To prepare a journey I am always very sensitive to my dreams and feelings. I follow that pull, that yearning. Where and what do I feel drawn to? What is it that I need to move towards? I love to study maps and look at photos. I research websites for places and volunteer work that will enable me to integrate into a small community, in a landscape that calls me. I always go on intuition.

Which travel writers or books have been especially inspirational to you?

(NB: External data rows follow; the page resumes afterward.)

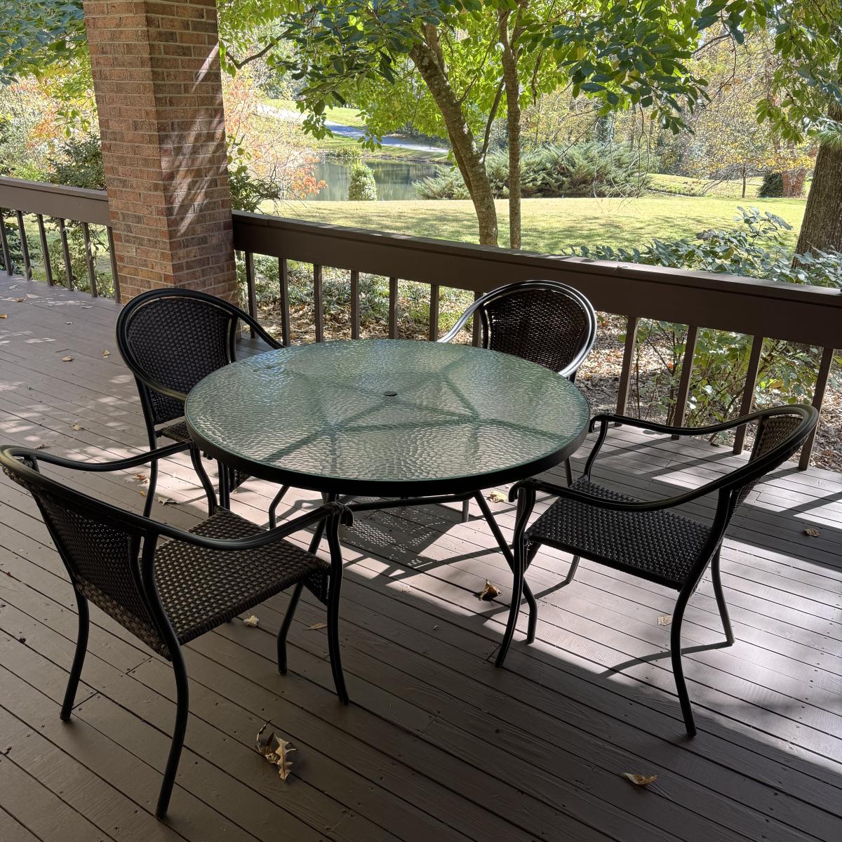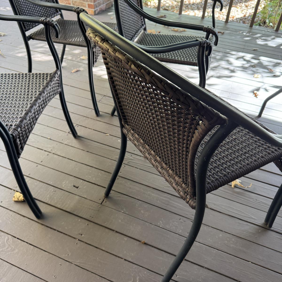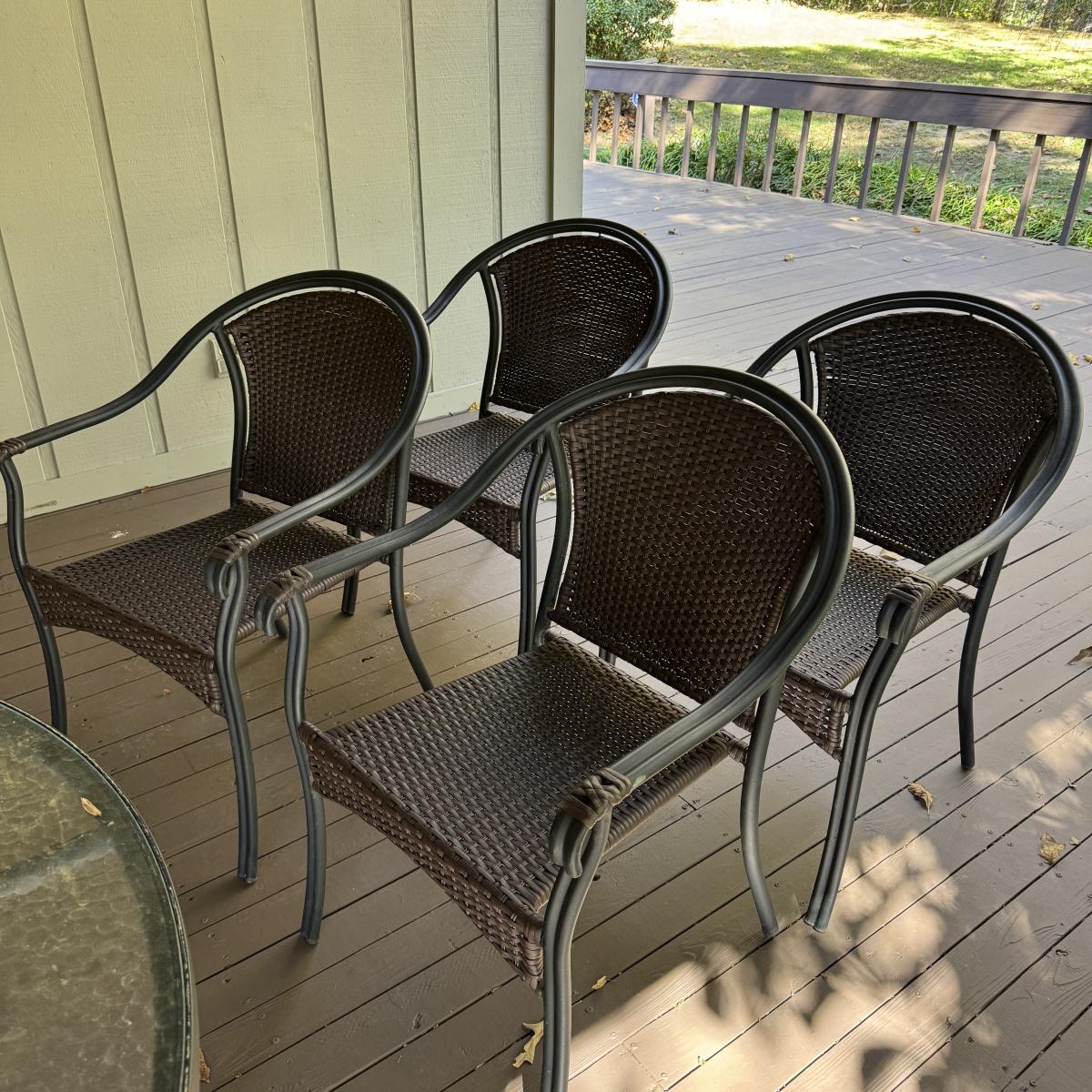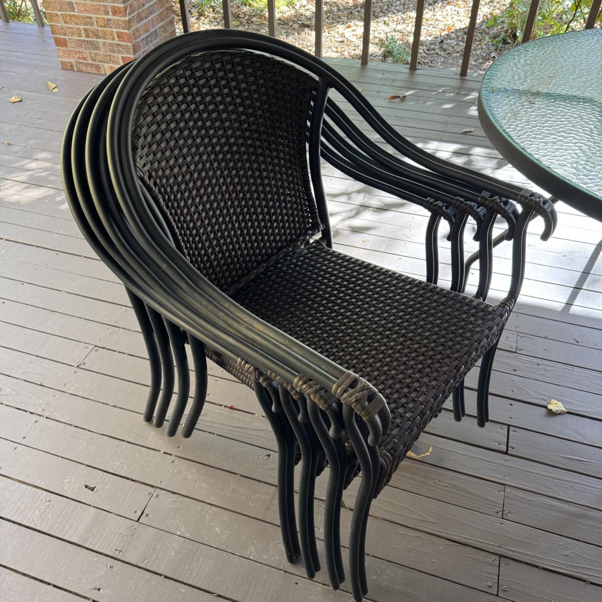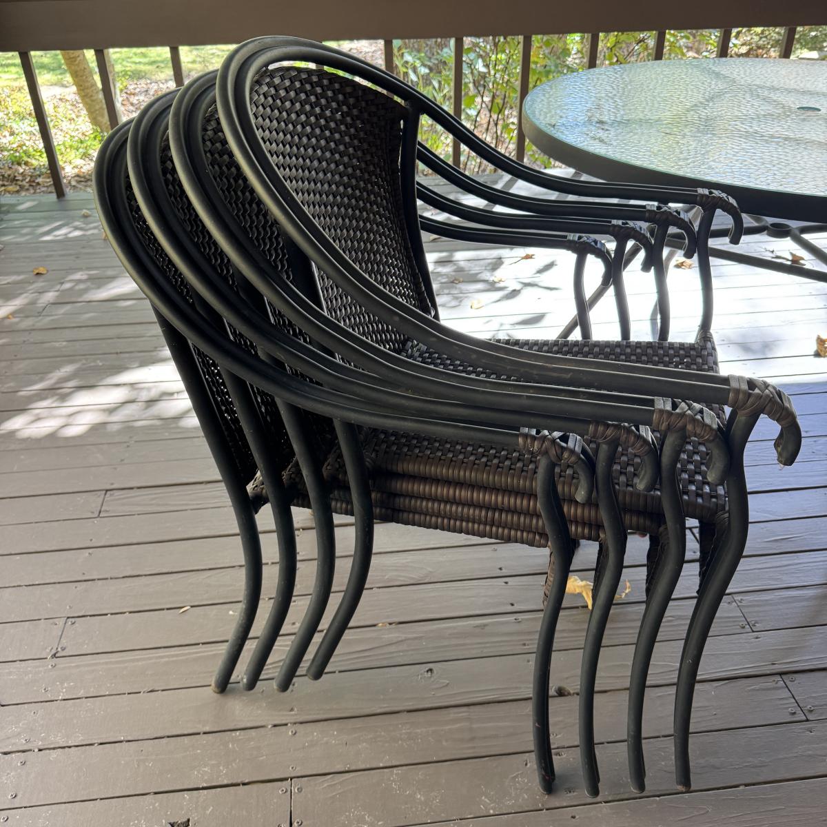 Removable glass top on metal base circular patio table. Has a hole in center to add an umbrella if you’d like. It has been on a covered porch. Some of the edges where glass sits on metal are a little worn. It measures 48”d x 27.5” h. Comes with 4 woven arm chairs. Good condition and nice and sturdy. They are stackable. Chairs measure approximately 24” w x 25” d x 33”h. Seat is 16” h.
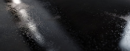 A dark textured surface with subtle, tiny bubbles and soft reflections, appearing smooth and slightly wet or dewy.
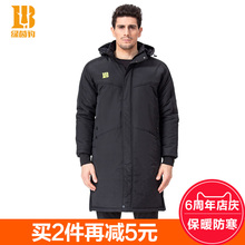 绿茵豹秋冬长款运动大衣男保暖加厚棉服足球篮球训练服男帽可拆卸
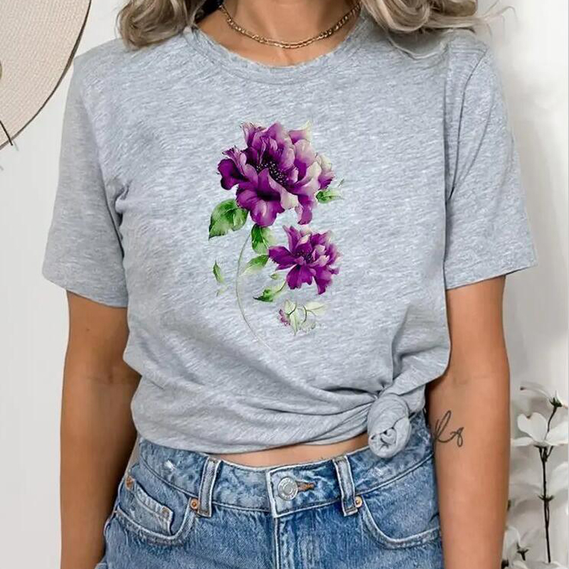 European And American Digital Printing Casual Round Neck T-shirt
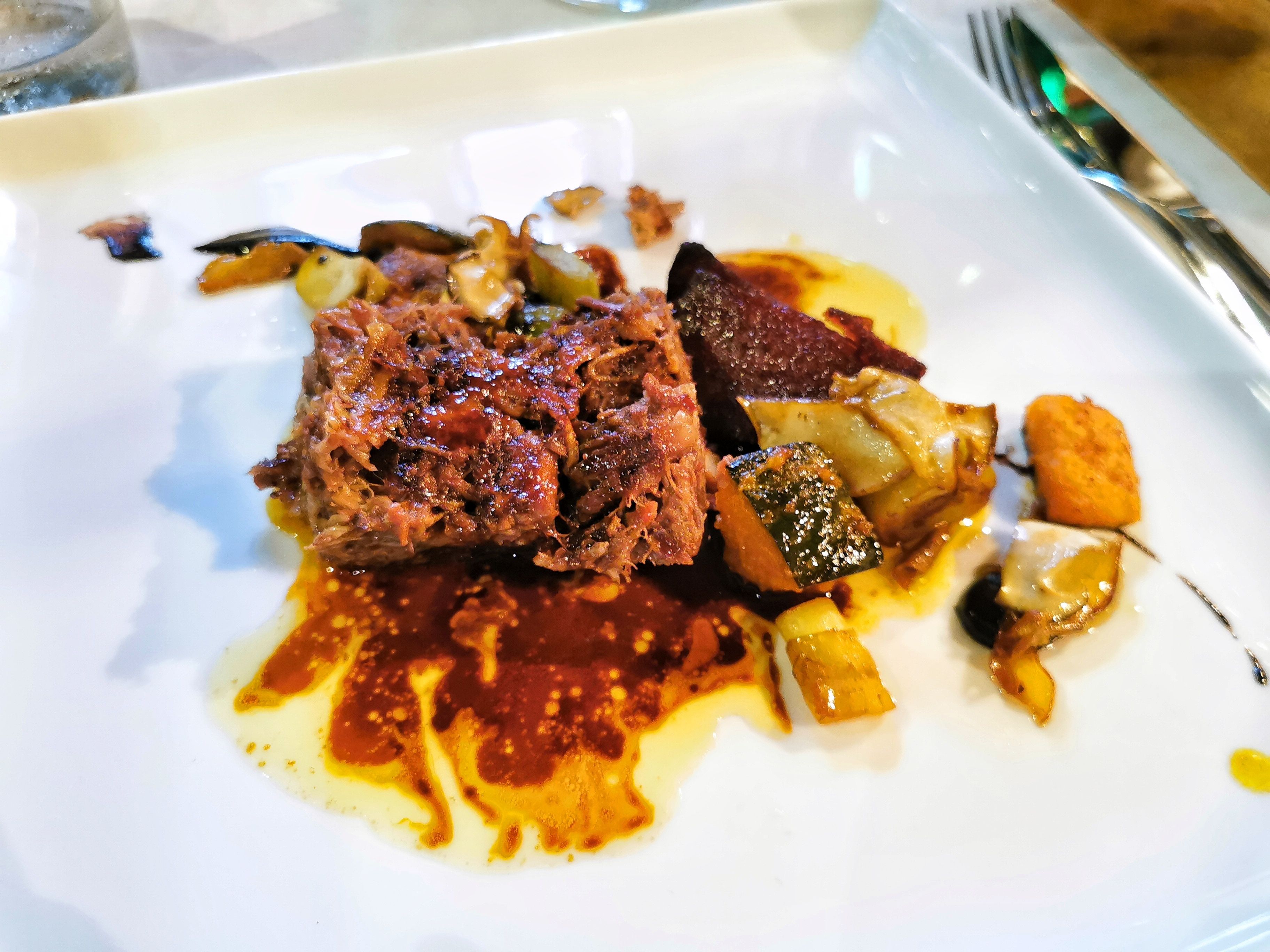 Konkretno vino je v finalu pokrilo mesnine, na eni strani počasi pečen goveji rep, na drugi prav tako zmehčano kozličkovo potrebušino. Kljub ne ravno razkošnim delom mesa je mojster s pripravo in prilogami znal ustvariti privid velike kuhinje, prvo meso je spremljala omaka iz ribeza, drugo omaka iz suhih sliv, obe vrsti pa sta za priloge dobili pečeno bučo, por, rdečo peso in gobe.
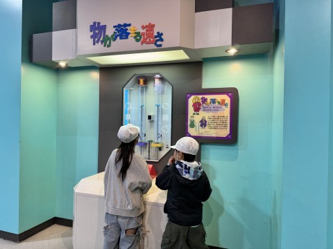 科学館にて音や電気など、科学の不思議を体験中。
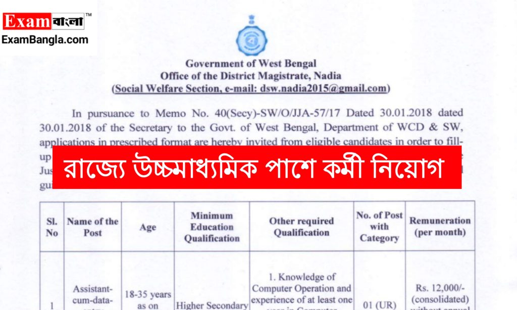 শিক্ষাগত যোগ্যতা- যেকোনো স্বীকৃত বোর্ড থেকে উচ্চমাধ্যমিক পাশ সহ কম্পিউটার কাজের অভিজ্ঞতা কাজের অভিজ্ঞতা থাকলে আবেদন করতে পারবেন।
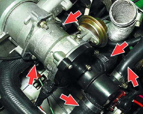 - Отсоединяем шланги от патрубков термостата и снимаем термостат.
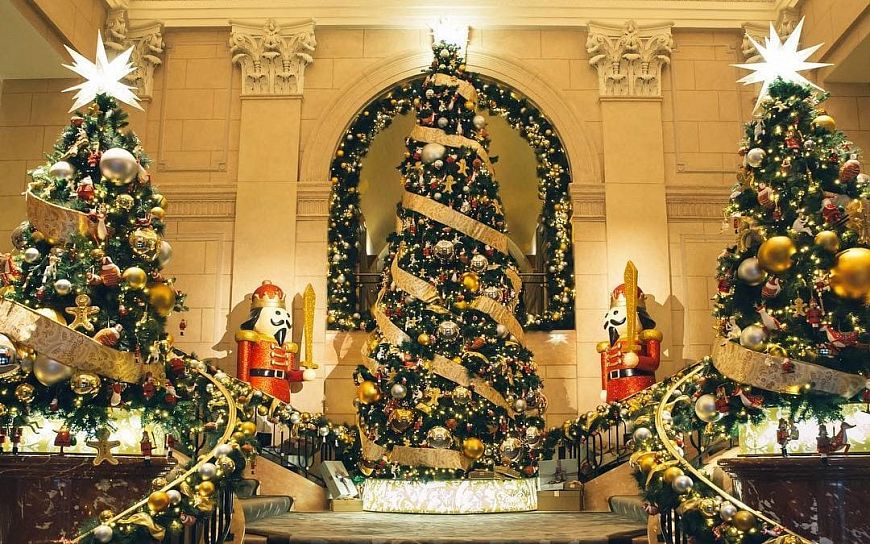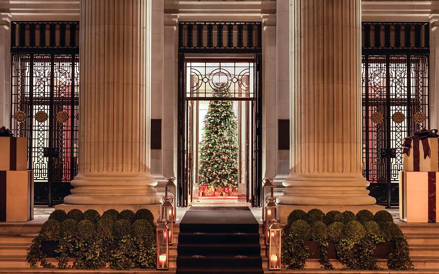 Архитектурные элементы фасада отеля Four Seasons Ten Trinity Square – великолепное окружение величественного рождественского дерева, стоящего в холле гостиницы.
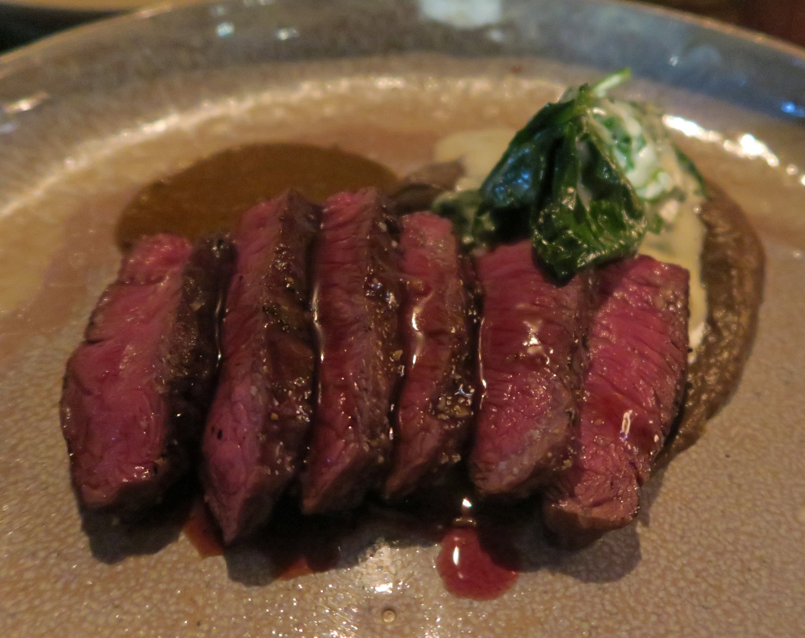 The beef was fork tender, cooked a perfectly medium rare, and had that wonderful, complex, mild gamey-pasture flavor to it. The "mole de olla" sauce had a pleasant, complex, mild sweetness to it. And the spinach and cheese sauce was so delicious as well.
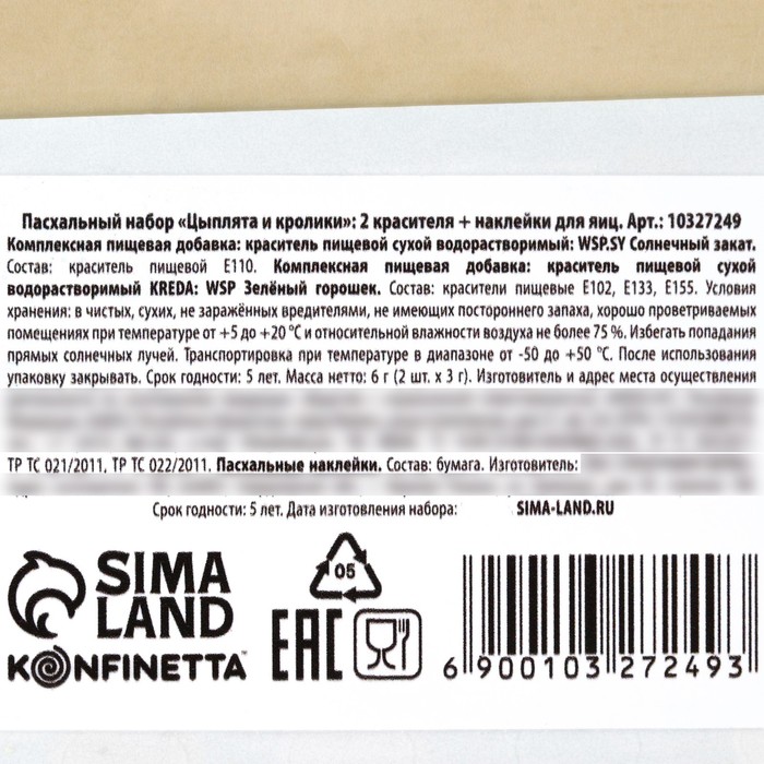 Состав: красители пищевые Е102, E133, Е155.
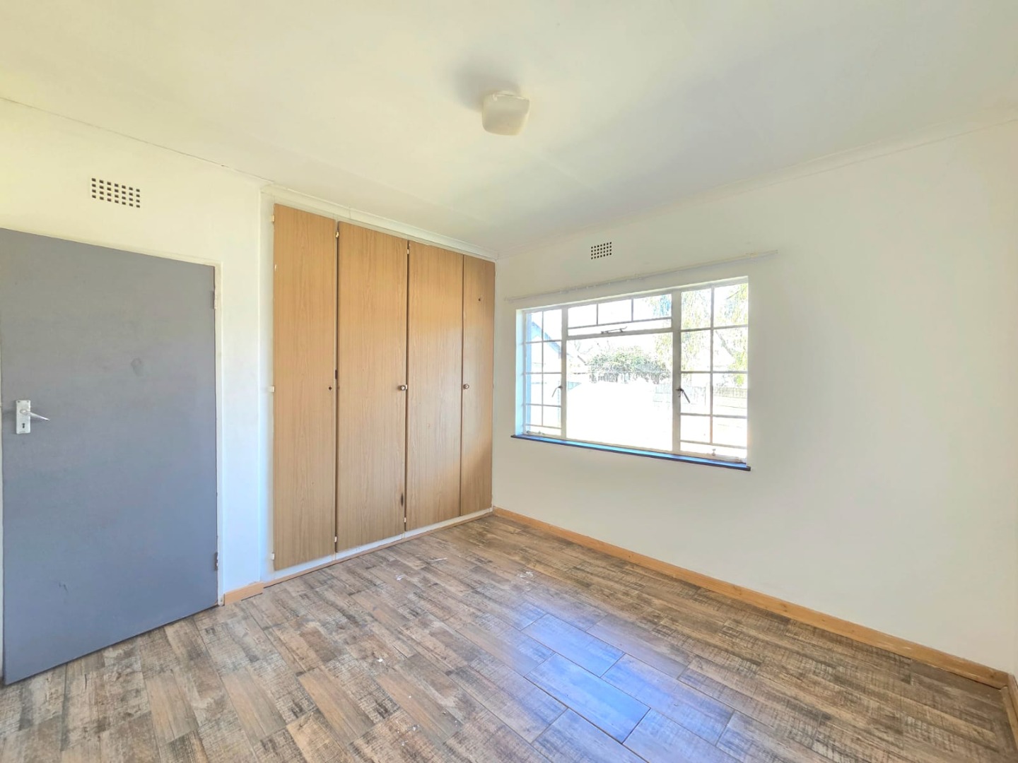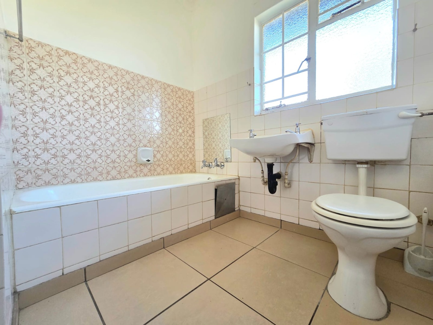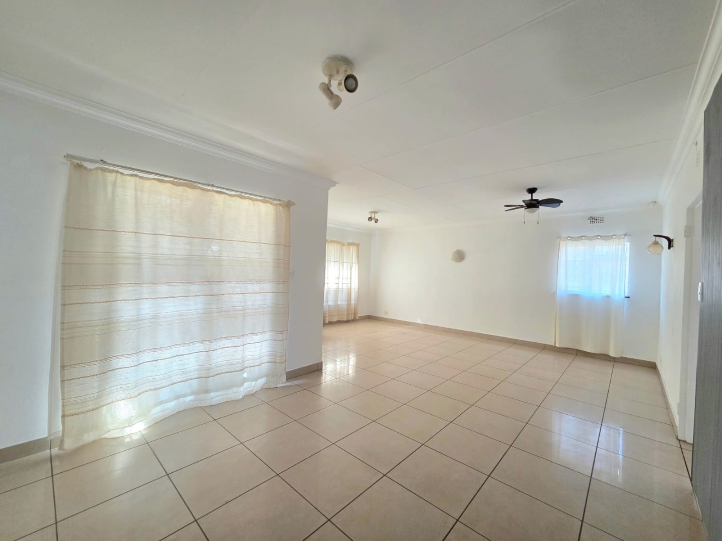 This inviting 3-bedroom, 2-bathroom home in Vaalpark offers a comfortable living experience. The interior features a spacious lounge and a dedicated dining room, both benefiting from an open-plan design that enhances the sense of space and natural light. Throughout the home, you'll find clean, light-colored tiled flooring and freshly painted white walls, providing a versatile canvas for your personal style. The functional kitchen, though featuring a dated aesthetic, provides ample counter and cabinet storage, a double sink, and space for a freestanding stove.

Dervla Murphy, Christina Dodwell, Alexandra David-Neel, Ella Maillart, Dian Fossey, Jane Goodall, Mike Fay, Tom Brown, Ian Douglas-Hamilton, Marias Gimbutas, J. Allen Boone, Kinship With All Life, Clarissa Pinkola Estes, Women Who Run With The Wolves, Sir James George Frazer, The Golden Bough, Robert Graves, The White Goddess, and a long list of books on spiritualism, shamanism, plant medicine, bushcraft, animal tracking, dreams, trance, Buddhism, language, mythology, quantum physics, ancient history and prehistory.

What is the hardest lesson you’ve learned on the road?

Being drawn so strongly to a place and culture that I got lost in a relationship that led me away from myself.

What advice can you offer to women with itchy feet?

Don’t be afraid. Follow your heart. Know yourself.

Erika Connor

Comments

  1. Kerstin Connor

    Dear Erika,
    You are my daughter, my friend, my inspiration. To me, you are a kind of a goddess, your depth of thought, your creativity and understanding of life are a saving grace in a world full of ‘wired’ techno people who never listen to the birds, look at the sky, hear the wind rustling in the tree tops. Thank you for being in our world and for this excellent interview.
    Love from Kerstin

  2. Tuula

    Dear Erika,
    Thanks for taking us readers on a marvellous journey to the many magical and yet wonderfully REAL places and people with you. I could smell the food, feel the hot earth under my feet and bathe in the sunshine you so vividly created with your prose. Can hardly wait to see the “blog” written in and about your current abode in the wilderness…? We want more, my dear! Love, Tuula

  3. Mary Lynn Jahnke

    I just read Winter of Dogs and am eager to read more of your work! And I really enjoyed reading this interview. This is inspiring.

Comments are now closed for this article.